Appropriate footwear for children changes with each phase of childhood. Wearing the proper footwear is critical for correct development of the foot structure, as well as the body’s overall posture.

During infancy, shoes are not necessary, even for beginning walkers, as the main function of shoes is to protect the feet from injuries. In fact, it is advisable for infants to wear just socks or to remain barefoot so the foot’s musculoskeletal system can properly form and gain function without restriction. In this way, the feet will develop strength and the toes will learn to grasp. Toddlers should wear shoes that are soft, flexible, and properly fitted with a toe box that has room for growth and space for the toes to wiggle freely. Children’s footwear should have a stiff heel counter, cushioned insole, and built-in arch. It should also be flexible at the ball of the foot. Sneakers are usually a good choice, and high-tops may benefit children with weak or sprain-prone ankles.

When fitting a child for new footwear, have him or her stand up to properly measure foot size.

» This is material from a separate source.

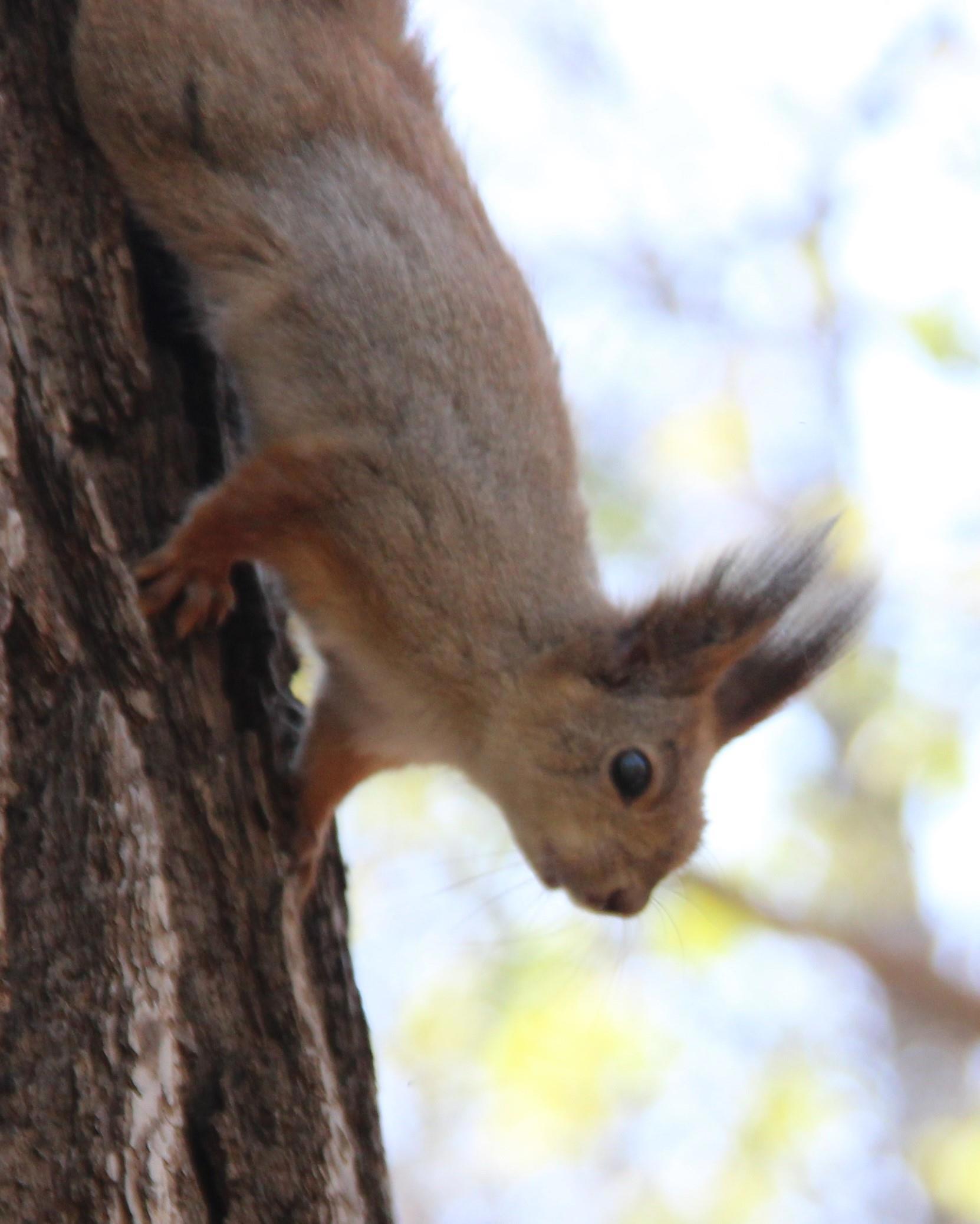 Обнести куст лещины, растущий прямо во дворе? Запросто! (И пусть местный пес захлебывается бессильным лаем - белка отлично знает, что он на цепи).

Remember that feet may commonly be two different sizes; the shoes should be fitted to accommodate the larger of the two feet. A properly-fitting shoe will have about a half-inch of room between the toes and tip of the shoe. Have the child wiggle his or her toes to make sure they are not cramped or restricted. Wearing their usual socks, have the child walk around the store several times to check for redness or irritation that indicates friction or pressure from the shoe.

Since children quickly outgrow their shoes, check their feet regularly for blisters and irritation. Often, children will remove shoes on their own if they are uncomfortable or too tight. Certain foot deformities may require a child to wear corrective shoes, braces, or casts.